The back half, as it were, of the drawing room doubled as a dining room (unthinkable in England) and had open shelves packed with china dishes and plates turned outward on display (very English, but unthinkable in more practical houses in the Colony where the shelves would have been enclosed in cupboards, so as to obviate the need for constant dusting). The front half was cluttered not only with armchairs and two settees, but with leather ottomans on which the Somerville girls perched. In view of the floor space occupied by furniture and crinolines, there was very little of the somewhat worn wine-red Axminster carpet visible, and no way of walking around. I found myself stuck on a not very comfortable hard backed chair near the door while an urgent cluster formed around the main feature of the room, an ‘upright grand’ piano against the wall beside the fireplace. Letitia had been playing when we came in, and now she resumed, with Beaumont turning the pages, his fixed agreeable smile and mechanical movements making him look like a huge well-dressed puppet. Cordelia abandoned her ottoman and stood fluttering with Frederick, as close together as manners and crinoline would permit, behind Letitia’s other shoulder.
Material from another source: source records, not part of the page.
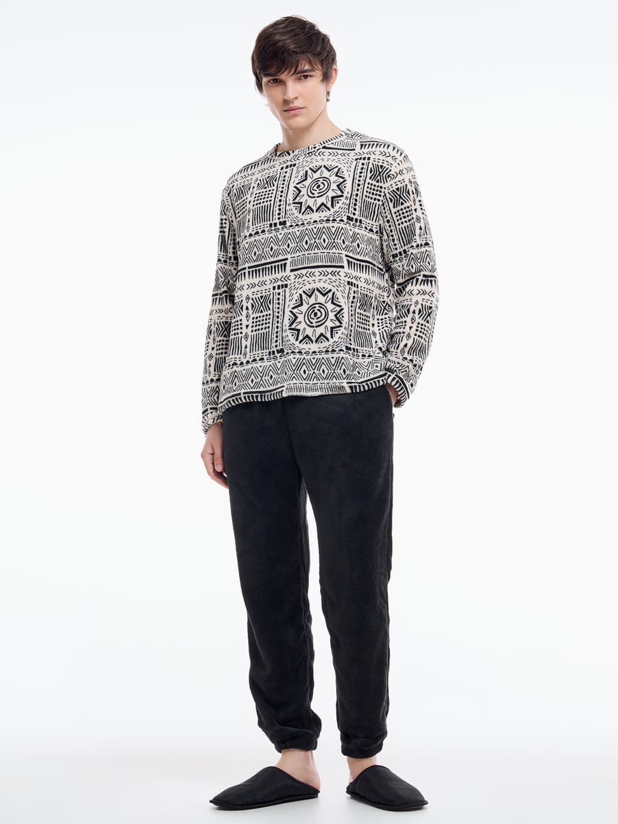 Плюшевая пижама с орнаментом и брюками
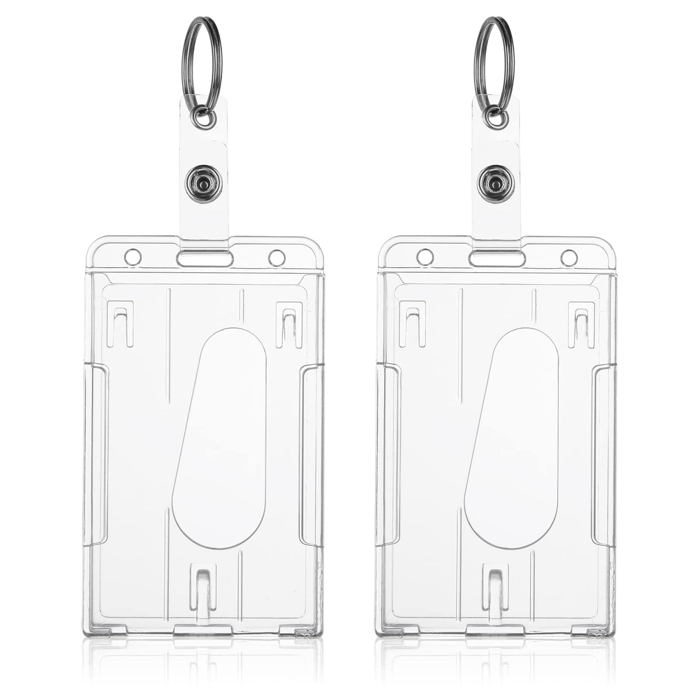 Tiesome Id Card Badge Holder With Keyring, 2 Pack Heavy Duty Badge Holders Keychain Hard Plastic Clear Card Protector Thumb Slot
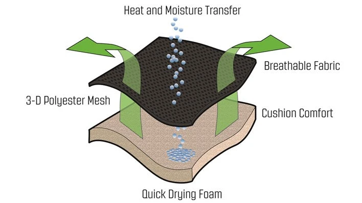 - Fabric Textiline, 3D mesh with quick-dry foam, 100% polyester
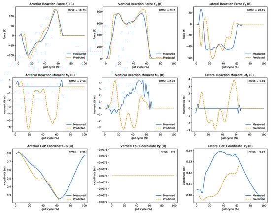 Real-time estimated ground reaction forces, moments, and CoP during gait. Good agreement of the predicted forces, especially on the forward (x) and vertical (y) directions. In contrast, only the x component of the CoP was accurately predicted. Less confluence is observed in the moments.
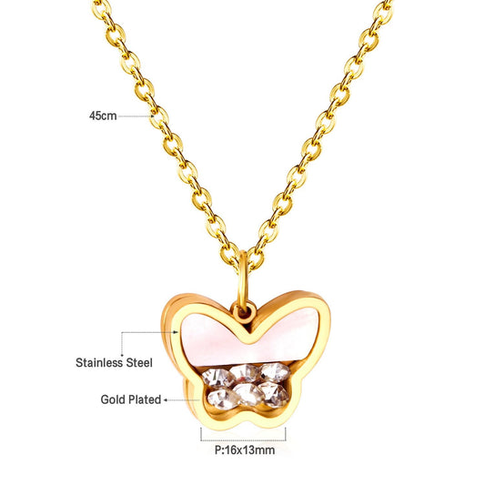 Butterfly CZ Shell Pendants Necklaces Women Gold Stainless Steel Link Chains Choker Necklace collares colar collier
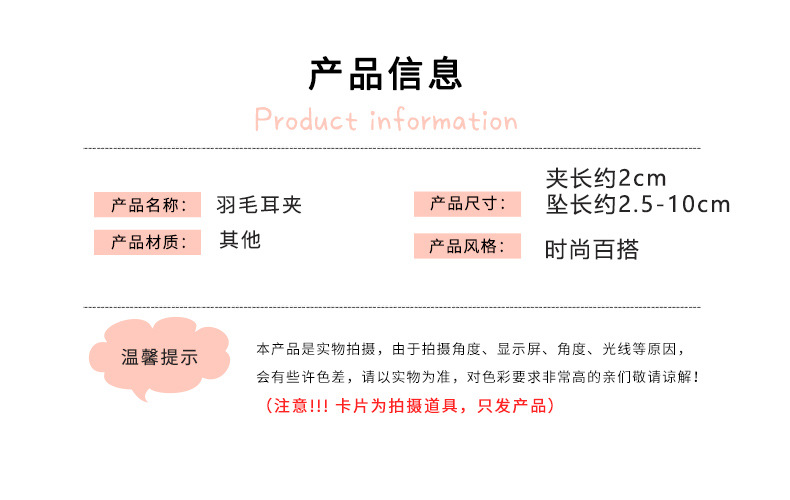 颜色 1#粉色星星羽毛耳夹1对装(坠长约9cm),2#蓝色星星羽毛耳夹1对装(坠长约9cm),3#紫色星星羽毛耳夹1对装(坠长约9cm),4#白色星星羽毛耳夹1对装(坠长约9cm),5粉色蝴蝶羽毛耳夹1对装(坠长约10cm),6#蓝色蝴蝶羽毛耳夹1对装(坠长约10cm),7#紫色蝴蝶羽毛耳夹1对装(坠长约10cm),8#花朵蜜桃羽毛耳夹1对装(坠长约6cm),9#花朵柿子羽毛耳夹1对装(坠长约9cm),10#樱花桃子羽毛耳夹1对装(坠长约7cm),11#樱花蜜桃羽毛耳夹1对装(坠长约7cm),14#毛球珠串羽毛耳夹1对装(坠长约10.5cm),15#毛球流苏耳夹1对装(坠长约7cm),16#樱花流苏耳夹1对装(坠长约2.5cm)
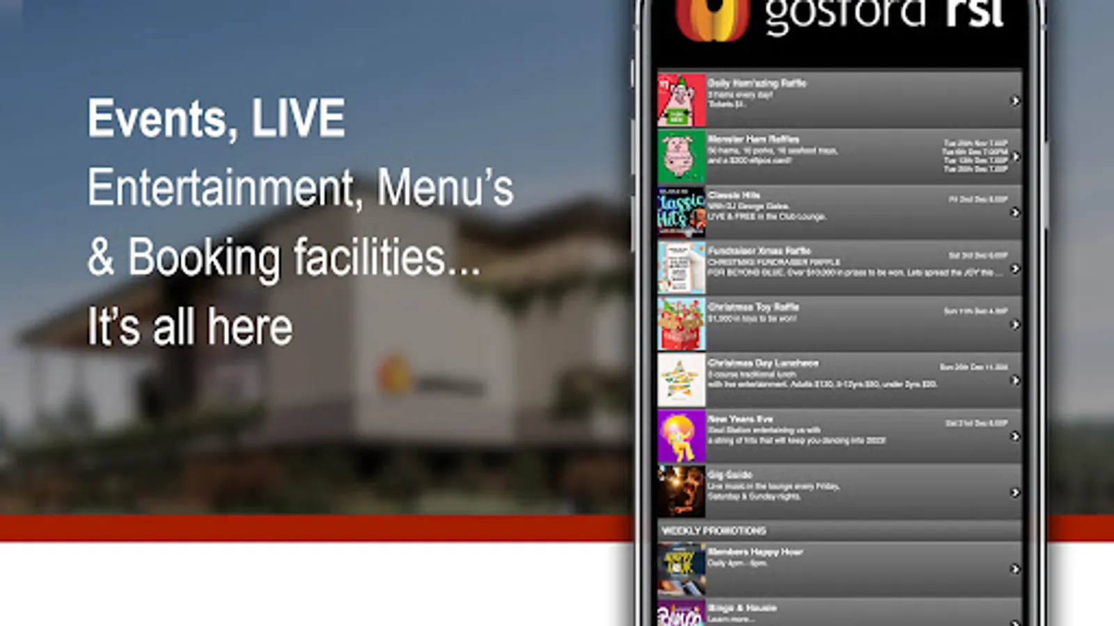 The Gosford RSL Club App keeps all its Members and Guests up-to-date on: day to day activities, featured events, live entertainment, weekly performing artists, dining menus, daily specials and it notifies you on special events. It provides you with all the club's info at your finger tips.

Letitia was playing, inevitably, one of Mendelssohn’s ‘Songs Without Words’ – Faith, which I knew was one of the easiest – with competence but not much verve. They were, I thought, rather insipid girls, but they were pretty and it was a pleasure to let the eye feast on them. Quattrini and Mrs Somerville were conversing quietly. Aemilia, who might have been expected to take up the social slack by making me feel at home, had instead taken up a sampler and was stitching the usual hearts and flowers in it while listening, with a sad look, to the music. Frederick had said to me that she was melancholy, and a blue-stocking, and it was clear why she did not exert the same obvious tug on young men as her younger sisters, or even as her mother must have done in her day. Aemilia did not really look melancholy but she was obviously very serious, which was not fashionable, and considered to be intimidating. Irritated, because Frederick had predicted this, I found myself drawn to her. Her face was paler than that of her sisters, with a few freckles on her cheeks and nose, which would of course be considered a blemish, but she did not seem to have made any attempt to cover them up with powder or cream. Her skin was in fact of a milky smoothness. Her grey eyes were clear and, I imagined, wise. Her hair, out of its Sunday bonnet, was gloriously rich in colour although rather thin in texture. The turned up nose was pretty as her sisters’. Her mouth, less of a rosebud than theirs, might have been more generous but now looked severe. She must have seen I was studying her, but paid me no attention.